Il film di De Angelis ha almeno due grandi meriti, forse tre. Il primo è la capacità di aver creato, grazie alla straordinaria fotografia di Ferran Paredes Rubio, una Napoli atipica, così lontana dai quartieri malfamati di Scampia, dalle vele, dagli orribili palazzoni popolari in preda all’anarchia e alla rabbia di una vita senza speranza. C’è un riferimento abbastanza veloce a Castel Volturno, ma è solo un attimo, l’abbaglio di un cartello stradale che appare oltre il parabrezza. Per il resto ci si muove dalle parti del Centro Direzionale, un isolato che a tratti ricorda Giorgio de Chirico e i suoi spazi metafisici, abitati da manichini spettrali e figure senza volto: immaginatevi grandi costruzioni che sfidano il cielo, una modernità quanto meno sospetta ma pensata attorno a geometrie congruenti. C’è molto ordine in questa Napoli del futuro, come d’altronde nella vita banalmente tranquilla dell’avvocato Perez, un rigore di superficie che in fin dei conti non è che il tentativo fallimentare della giustizia di “far quadrare” i propri bilanci morali all’interno di parametri matematici. Il secondo merito della pellicola è invece quello di aver inscenato il dramma di un uomo che ha sempre pensato non di non voler scegliere, ma di poter non scegliere. Sembra un bisticcio della grammatica, ma se ci riflettete dopo aver visto il film, un senso c’è. Perez costruisce la sua esistenza attorno a questo dilemma, che si ingigantisce giorno dopo giorno, fino a quando le circostanze lo costringono a capire che in realtà un difensore d’ufficio non può permettersi di non prendere parti. Poco importa che siano quelle del malavitoso da cui viene ricattato, della figlia o di se stesso. Il punto (quel punto che chiude il titolo) è che Perez deve agire.

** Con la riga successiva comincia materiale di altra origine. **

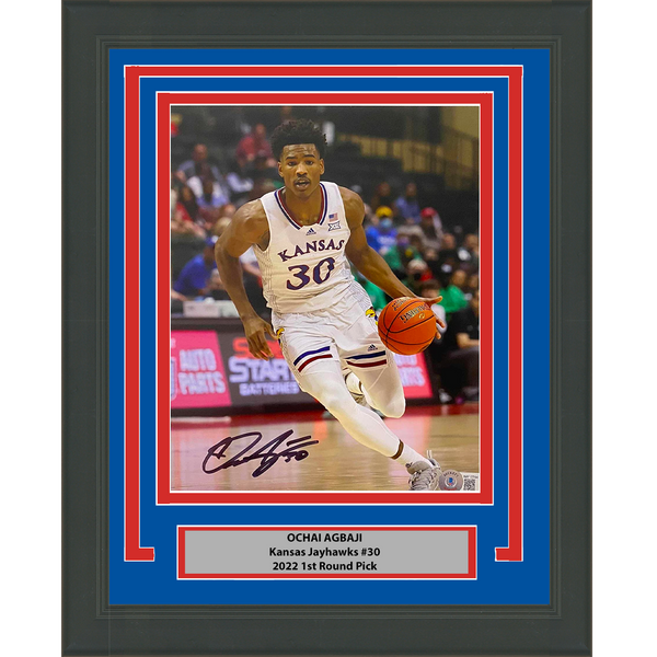 Framed Autographed/Signed Ochai Agbaji Kansas Jayhawks 8x10 Basketball Photo Beckett BAS COA

perez 1Dicevamo che forse c’è un terzo e ultimo merito. Il film ha un messaggio terribile che, senza anticipare nulla del finale, si può semplificare nell’idea che la camorra mantiene le proprie promesse. Se vendi l’anima al diavolo, il diavolo ti ricompensa. È allora il dubbio della (a)moralità del crimine a muovere la regia di De Angelis, come a dire che se la giustizia non funziona, al cittadino non resta che affidarsi a quella rete sotterranea di amicizie e fratellanze tribali che soltanto le mafie riescono a garantire. Perez con il punto non è un capolavoro per il semplice motivo che non vuole esserlo: è un piccolo film che parla di piccoli personaggi, e tanto gli basta per colpire nel punto giusto. In altre parole De Angelis riesce perfettamente dove Guido Lombardi, regista di Là-bas – Educazione criminale (2011), aveva fallito: non fa sconti a nessuno, accantona la pedagogia spicciola e dimostra che in Italia c’è ancora qualcuno che, magari con difficoltà e timidezza, ha delle storie (piccole anche loro, ma proprio per questo importantissime) da raccontare.

Marco Marchetti

Perez.

Regia: Edoardo De Angelis. Sceneggiatura: Edoardo De Angelis, Filippo Gravino. Fotografia: Ferran Paredes Rubio. Montaggio: Chiara Griziotti. Musica: Riccardo Ceres. Interpreti: Luca Zingaretti, Marco D’Amore, Simona Tabasco, Gianpaolo Fabrizio, Massimiliano Gallo. Origine: Italia, 2014. Durata: 94′.